How come half of participants do not see a gorilla in front of them? This happens
because our brain is constantly filtering what we consider important and indeed may
block further neural processing of something as important as a gorilla. Also another
important factor is that our conscious thinking process the information in a serial
(rather than parallel) manner; therefore one conscious thought at each time: if we are
focused in counting ball passes, we do not consciously process the information of a
gorilla in front of us.
This gorilla effect has a profound effect for what we learn or miss to learn. Effective
learning is associated with the information we consciously process and how this
information is linked and stored in our brain neural network. Therefore what is
presented to students should be carefully considered. For instance, a lecture with a
heavy content will likely be minimally effective as students will miss not only one but
several gorillas. Also if the missed gorilla happens at the beginning of the lecture, then
understanding of the rest of the lecture may be hindered.

The gorilla effect is not important only when we learn but when we process
information that we learned; especially if learning is superficial.

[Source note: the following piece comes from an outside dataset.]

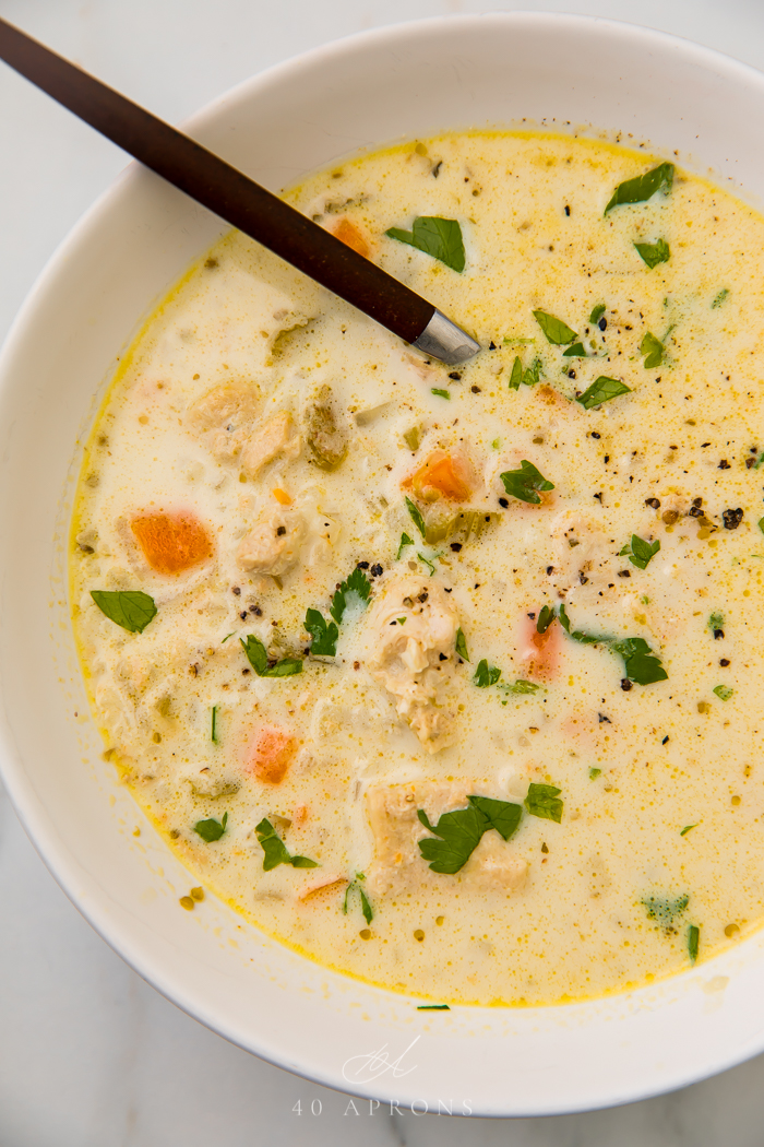 ¡Esta sopa cremosa de pollo y arroz está hecha en una olla instantánea y es Whole30, paleo y baja en carbohidratos! ¡Esta sopa es tan rica y sabrosa como súper abundante! También es una excelente sopa Whole30 para preparar alimentos.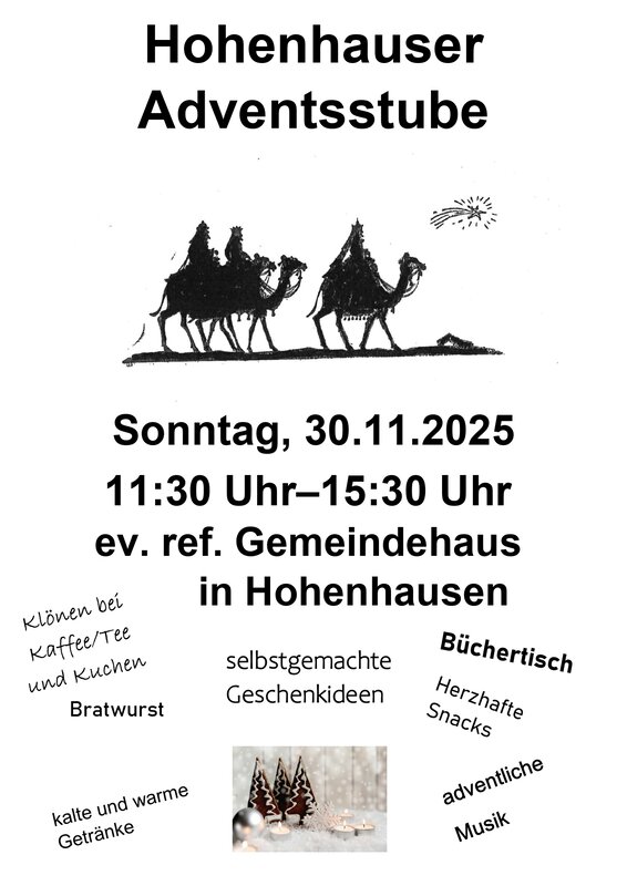 Die ev.-ref. Kirchengemeinde Hohenhausen lädt herzlich zur Hohenhauser Adventsstube ein.

For instance,
physicians may miss gorillas when analyzing information to make a diagnosis. For
instance, if speaking to a patient, a physician thinks that a patient with a rapid loss of
weight likely has a diagnosis of a cancer will likely miss signs (gorillas) that this
patient has for instance an infectious disease that is leading to this loss of weight.
Another important example is when reading a scientific paper: it is very likely that
many readers will miss also several gorillas: the gorilla in this case would be the biases
that affect the results of scientific studies.

Going back to the gorilla experiment: how a participant in this experiment would not
have missed gorillas? Simply by preparing them to this stimulus and also increasing
the exposure and contrast of this exposure. This is what the instructors should do in
lectures: preparing students to the new information and also enhancing the contrast
when showing something novel. Though it is not easy and still it is one of the main
challenges to produce effective learning.